Kill child jobs on script exit : A Weird Imagination

Kill child jobs on script exit : A Weird Imagination

At the start of the script, add cleanup() {

pkill -P $$

}

for sig in INT QUIT HUP TERM; do trap " cleanup trap - $sig EXIT kill -s $sig “’"$$”’ “$sig” done trap cleanup EXIT

https://aweirdimagination.net/2020/06/28/kill-child-jobs-on-script-exit/

example code to run a cleanup function on exit, even if exiting due to being killed by a signal that would normally halt the script immediately (obviously except for SIGKILL): for sig in INT QUIT HUP TERM ALRM USR1; do trap " cleanup trap - $sig EXIT kill -s $sig “’"$$”’ “$sig” done trap cleanup EXIT

https://aweirdimagination.net/2020/06/28/kill-child-jobs-on-script-exit/

kills all immediate child processes of the script by killing all processes whose parent is the script: pkill -P $$

https://aweirdimagination.net/2020/06/28/kill-child-jobs-on-script-exit/

Another option is killing all descendants using rkill: rkill $$

https://aweirdimagination.net/2020/06/28/kill-child-jobs-on-script-exit/

another possible interpretation of killing all child jobs: it’s possible that what we want is to kill all jobs which have not been disowned. Unfortunately, this quickly runs into differences between shells.

https://aweirdimagination.net/2020/06/28/kill-child-jobs-on-script-exit/

Another alternative that almost works is kill $(jobs -p)

It works in bash, but dash has a bug that requires the workaround of writing the output of jobs -p to a file and reading that file back. Then it works in every shell I tested except zsh where the jobs builtin does not have a -p option

https://aweirdimagination.net/2020/06/28/kill-child-jobs-on-script-exit/

values unpacking

read var1 var2 var3 < <(echo "a b c")
echo "${var1}, ${var2}, ${var3}"
a, b, c

strings

get a substring

a="some string"
echo "${a:0:3}"
echo "${a:3:6}"
som
e stri

understanding file descriptor duplication

File descriptors and files

Programs don’t see files, they only see integers referring to files (remember a file may be a lot of things in linux).
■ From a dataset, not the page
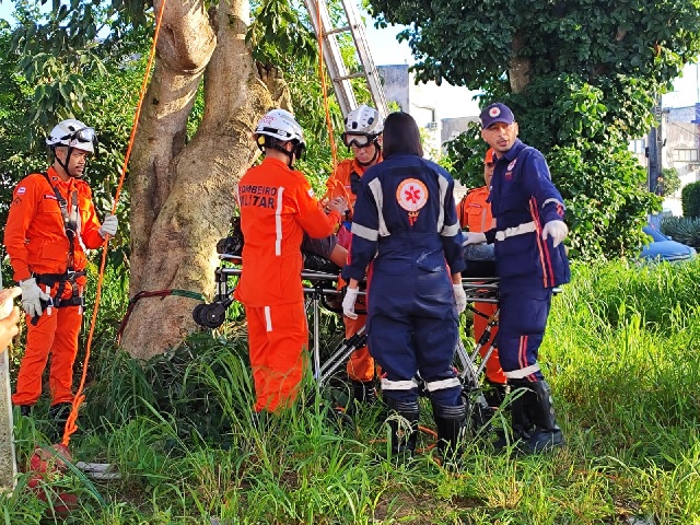Equipes da Polícia Militar, Serviço Móvel de Urgência (Samu) e Corpo de Bombeiros foram acionados para o resgate do jovem que tentou contra a própria vida ameaçando se jogar da árvore com fios amarrados ao pescoço.

When a program opens a file for reading for instance, linux adds an entry into a file descriptor table that, well… describes the file. The program is then given the index in the table pointing to the file.

When a program is launched, three files descriptors are opened by default:

  1. the entry number 0 is generally called stdin and points to a read only file associated to the keyboard, bash refers to this file using &0
  2. the entry number 1 is generally called stdout and points to a write only file association to the current terminal, bash refers to this file using &1
  3. the entry number 2 is generally called stderr and points to a write only file association to the current terminal, bash refers to this file using &2

Stdout and stderr are not associated to the same file, but both file are by default associated to the current terminal. I will call them tty1 and tty2 but it is probably a misuse of the words tty. I don’t know how it works.

If I open a file, the file descriptor 3 will be used to communicate with this file and bash will allow to refer it as &3.

Interpretation of the bash commands

The commands file descriptor manipulation are executed from left to right. (note: > file is equivalent to 1> file)

command > file 2>&1

This means:

  1. redirect the content going to file descriptor 1 to the file. The old file is no more pointed to by file descriptor 1
  1. then, redirect the content going to the file descriptor 2 to the file pointed by the file descriptor 1

Then this commands concatenates the stdout and the stderr contents and put them into file.

command 2>&1 > file

This means:

  1. redirect the content going to the file descriptor 2 to the file pointed by the file descriptor 1
  1. then, redirect the content going to file descriptor 1 to the file. The old file is no more pointed to by file descriptor 1

Therefore, this command writes the stderr on the file initially associated to stdout and writes stdout in the file.

Diagram

The source of the diagrams is here:

file_descriptor.dia

use subshell with traps

As a quick rule of thumb, try to always have the trap instruction be the first stuff after the start of the shell or a subshell.

In case you need some temporary stuff to be cleaned at the end of a function, a trap is quite useful. Remember though that some other part of the code might have put a trap to.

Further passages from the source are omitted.